Oh my god, somebody make it stop! I could go the rest of my life without hearing that awful, awful song. But I know there’s no escaping it, and that’s what makes me especially thankful for the play Buyer & Cellar. Jonathan Tolins’ wise, Barbra Streisand-inspired comedy shines fresh light on old claptrap, making otherwise intolerable things more riveting than they deserve to be. Over the course of 90 preposterous minutes, Tolins made me care more about his fictional version of Streisand than I’ve ever been able to care about the real thing. The script presents as kitschy fluff, but the whole is considerably (somewhat mysteriously) more satisfying than the sum of its many hilarious bits.
Acknowledging Streisand’s litigious nature, Tolins opens Buyer & Cellar with a lengthy disclaimer. Nothing that happens in the play is real. Well, almost nothing. Babs is obviously real. She really owns a home in Malibu. In 2010, she actually published a coffee table book titled My Passion for Design, and the storage basement underneath her barn really is laid out like a shopping mall. The play transforms into fiction when it imagines what it might be like to work as the lone shopkeeper in Streisand’s artificial underground world, engaging with the lady of the house in some good, old-fashioned master-servant role-playing.

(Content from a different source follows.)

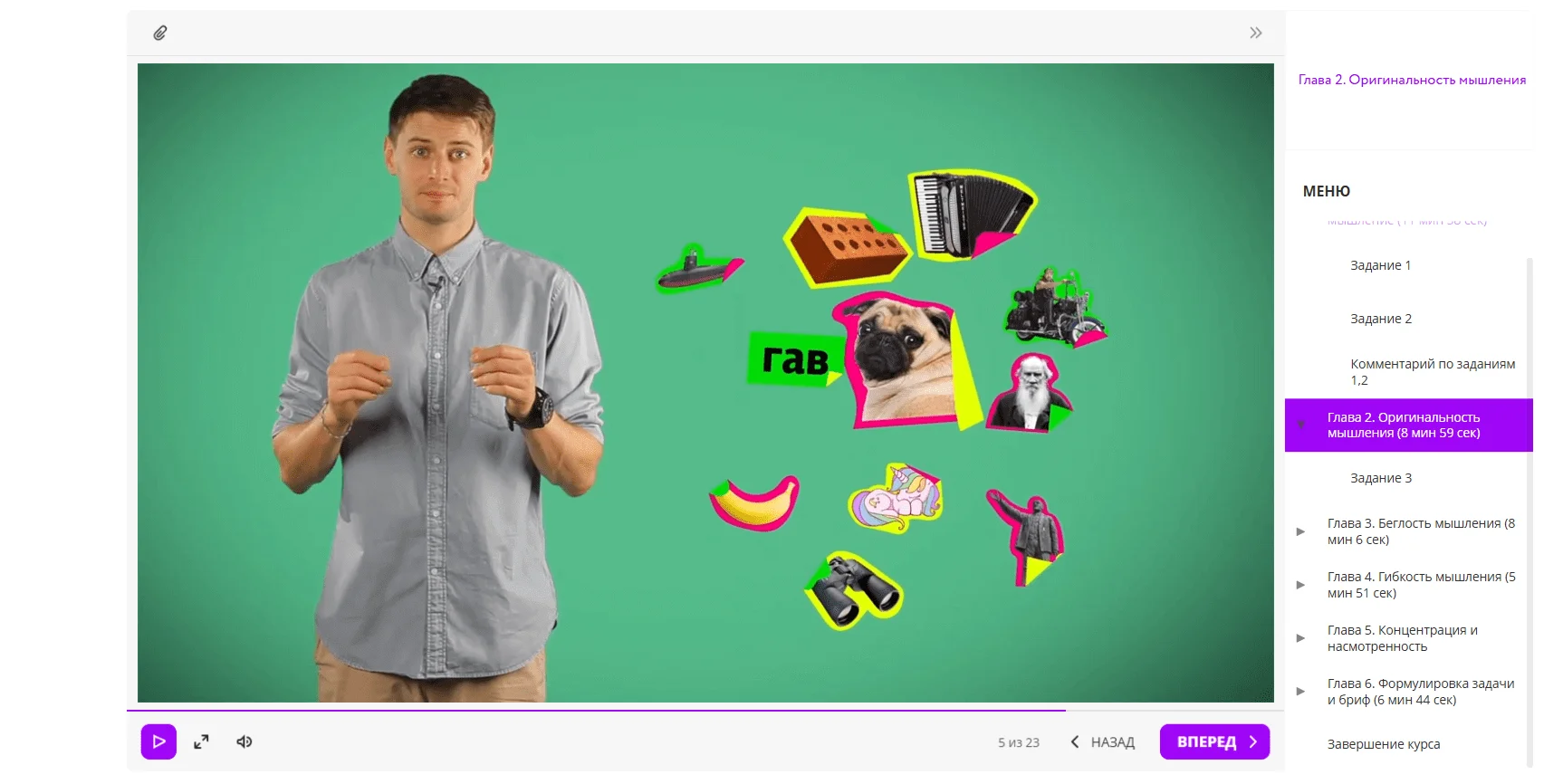 Чему учат. В курсе собраны принципы и методы развития креативности и нестандартного мышления. Всего студентов ждут 6 уроков:

With his gleefully understated performance, Jordan Nichols single-handedly counterbalances all the enormous Broadway musicals running on other area stages. He introduces himself directly to the audience as Alex, an underemployed actor who’s agreed to become the human doll in Streisand’s private collection. He also plays Streisand and Barry, Alex’s boyfriend who can’t wrap his mind around the idea that a “privileged, powerful woman” like the Babs “still acts like a Dickensian victim.”
Nichols also walks the not-so-thin line separating diva and Devo by playing some of Buyer & Cellar‘s more prominent inanimate objects as well. Between scenes, he provides the mind-numbing, soul-crushing hum of vending machines. Pitch perfect.
Buyer & Cellar is at Circuit Playhouse through September 6th.
Three cheers for Theatre Memphis’ first-rate production of Mel Brooks’ enormously successful musical adaptation of his 1967 film, The Producers. It’s epically extravagant. It’s appropriately ridiculous. Director Cecelia Wingate and her extraordinary cast of low-brow comedians may have even out-Mel Brooksed the actual Mel Brooks. Having said all of that, I’m going to complain a little.
Wingate sees details other directors miss, but she tends to underscore all of them, overstuffing her plays with so many juicy bits and clever gags, it’s sometimes hard to distinguish between the stuffing and the meat. The Producers‘ success is rooted in its excess, making the overall experience more about brute force than outrageous farce. And, to be fair, it’s a pretty spectacular display of force.
Philip Andrew Himebook and Lee Hudson Gilliland are perfectly suited for their roles as Max Bialystock and Leo Bloom, the colorfully corrupt Broadway producers who are literally and figuratively screwing all the little old ladies in town. The former is a larger-than-life blowhard and bully. The latter a nebbish who has panic attacks when separated from his little blue blanket. They’ve formed an unlikely partnership to produce Springtime for Hitler, a play so offensive and awful it’s received as a work of satirical genius. That’s bad news for B&B, since the entire con was predicated on the show’s failure.
The Producers is a designer’s show, with hundreds of costume changes and a unique set of technical challenges. Theatre Memphis’ creative team has risen to the occasion and deserves top bows. From its illuminated swastikas to its spinning illuminated swastikas, The Producers‘ “Springtime for Hitler” sequence is an all-you-can-eat Bavarian buffet of bold choices and bad taste.
When Playhouse on the Square staged the regional premiere of The Producers in 2008, I groused that it was too understated. This time out, Theatre Memphis has erred, boldly, and often brilliantly, in the other direction. In a play where showgirls wear gigantic pretzels and sausages on their heads, that’s absolutely the side to err on.